Environment Variables

VariableDefaultDescription
NK_FILTER.*Regex to filter benchmarks by name
NK_SEED42RNG seed for reproducible inputs
NK_BUDGET_SECS10Minimum time per benchmark in seconds
NK_BUDGET_MB1024Memory budget for pre-allocated inputs
NK_DENSE_DIMENSIONS1536Vector dimension for dot/spatial benchmarks
NK_CURVED_DIMENSIONS64Vector dimension for curved / bilinear form benchmarks
NK_MESH_POINTS1000Point count for mesh / RMSD / Kabsch benchmarks
NK_MATRIX_HEIGHT1024GEMM M dimension, dataset size in kNN
NK_MATRIX_WIDTH128GEMM N dimension, query count in kNN
NK_MATRIX_DEPTH1536GEMM K dimension, vector dimension in kNN
NK_SPARSE_FIRST_LENGTH1024First set size for sparse benchmarks
NK_SPARSE_SECOND_LENGTH8192Second set size for sparse benchmarks
NK_SPARSE_INTERSECTION0.5Intersection share [0.0, 1.0] for sparse benchmarks
NK_MAX_COORD_ANGLE180Maximum angle in degrees for geospatial benchmarks

Disable multi-threading in BLAS libraries to avoid interference:

export OPENBLAS_NUM_THREADS=1    # for OpenBLAS
export MKL_NUM_THREADS=1         # for Intel MKL
export VECLIB_MAXIMUM_THREADS=1  # for Apple Accelerate
export BLIS_NUM_THREADS=1        # for BLIS

Reported Units

Benchmark TypeCounterMeaning
Vector kernels — dot, spatial, set, ...bytes/sBytes of input consumed per second, both input vectors combined
GEMM, symmetric, batchscalar-ops/sScalar multiply-accumulate operations per second / FLOPS
Reductions, casts, trigonometrybytes/sBytes of input consumed per second, single input vector

bytes: total bytes across all input vectors read per call. For a pair of 1536-dimensional f32 vectors: 2 * 1536 * 4 = 12288 bytes per call.

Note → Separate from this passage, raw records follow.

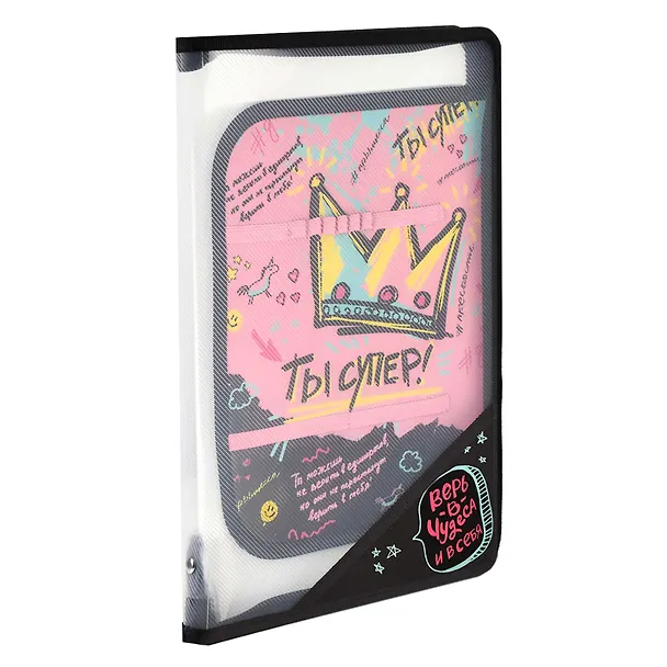 Папка для труда А4 "ТЫ СУПЕР!" 32,8*22,8см, пластиковая, молния с 3х сторон, внутр.блок для канц.принадлежностей
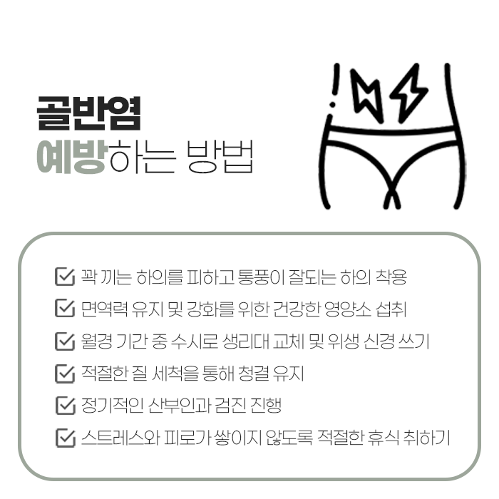 예방을 위해서는 무엇보다 평소 생활 속에서 신경쓰고 관리하는 것이 중요합니다. 꽉 끼는 하의를 피해야 하고, 통풍이 잘되는 하의를 착용해 주면 좋습니다. 또한 균형잡힌 영양소를 섭취하여 면역력을 유지하고 강화해야 합니다. 생리 중에는 수시로 생리대를 교체하여 위생에 신경스고 적절한 질 세척으로 청결을 유지해야 합니다. 그리고 정기적으로 산부인과 검진을 받는 것이 좋으며 스트레스와 피로를 잘 관리해야 합니다.
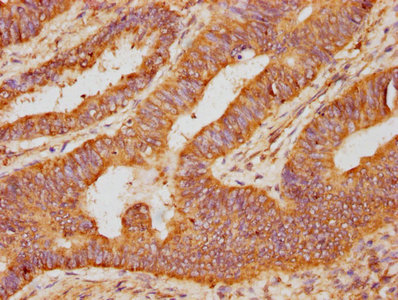 IHC image of CSB-PA09694A0Rb diluted at 1:90 and staining in paraffin-embedded human colon cancer performed on a Leica BondTM system. After dewaxing and hydration, antigen retrieval was mediated by high pressure in a citrate buffer (pH 6.0). Section was blocked with 10% normal goat serum 30min at RT. Then primary antibody (1% BSA) was incubated at 4°C overnight. The primary is detected by a biotinylated secondary antibody and visualized using an HRP conjugated SP system.
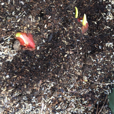 すでに芽が出てるので早く植えなくちゃ!
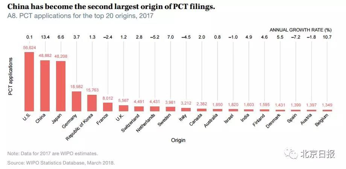 北京日报记者查询了世界知识产权组织官网发布的2018年度报告,报告中显示:

scalar-ops: number of scalar arithmetic operations. For dense GEMM: 2 * M * N * K per call. For symmetric GEMM: N * (N + 1) * K per call.

JavaScript

Running

npm run bench:native                            # Node.js native addon
npm run bench:emscripten                        # Emscripten WASM with SIMD
npm run bench:wasi                              # WASI portable execution
npm run bench:browser                           # Chromium via Playwright
npm run bench:all                               # all runtimes
NK_DIMENSIONS=768 NK_FILTER="dot" npm run bench:native    # custom config
VariableDefaultDescription
NK_DIMENSIONS1536Vector dimensionality
NK_ITERATIONS1000Number of benchmark iterations
NK_FILTER.*Regex to filter benchmarks
NK_RUNTIMEnativeRuntime: native, emscripten, wasi
NK_SEED42Random seed for reproducible data

Output

JSON results are written to bench/results/. Generate a Markdown comparison report:

npm run bench:report
cat bench/results/report.md

WASM

Emscripten — wasm32 and wasm64

source ~/emsdk/emsdk_env.sh
cmake -B build-wasm -DCMAKE_TOOLCHAIN_FILE=cmake/toolchain-wasm.cmake -DNK_BUILD_BENCH=1
cmake --build build-wasm --parallel

For wasm64:

cmake -B build-wasm64 -DCMAKE_TOOLCHAIN_FILE=cmake/toolchain-wasm64.cmake -DNK_BUILD_BENCH=1
cmake --build build-wasm64 --parallel

The toolchain files enable -msimd128 and -mrelaxed-simd automatically.

WASI

export WASI_SDK_PATH=~/wasi-sdk-24.0-x86_64-linux
cmake -B build-wasi -DCMAKE_TOOLCHAIN_FILE=cmake/toolchain-wasi.cmake -DNK_BUILD_BENCH=1
cmake --build build-wasi --parallel

Running

wasmtime run -W simd=y,relaxed-simd=y,threads=y,shared-memory=y -S threads=y,inherit-env=y ./build-wasi/nk_bench.wasm
wasmer run --enable-simd --enable-relaxed-simd ./build-wasi/nk_bench.wasm
node ./build-wasm/nk_bench.js

Browser benchmarks via Playwright:

npm run bench:browser

Interpreting WASM Results

WASM benchmarks run slower than native due to JIT compilation overhead and memory indirection. Expected performance relative to native:

RuntimeTypical Throughput vs Native
Emscripten / Node.js60–80%
WASI / Wasmtime50–70%
Browser / Chromium40–60%

wasm64 / Memory64 adds ~5–10% overhead vs wasm32 due to 64-bit pointer arithmetic. Relaxed SIMD provides measurable gains for fused multiply-add patterns — compare with and without --wasm-features relaxed-simd to quantify.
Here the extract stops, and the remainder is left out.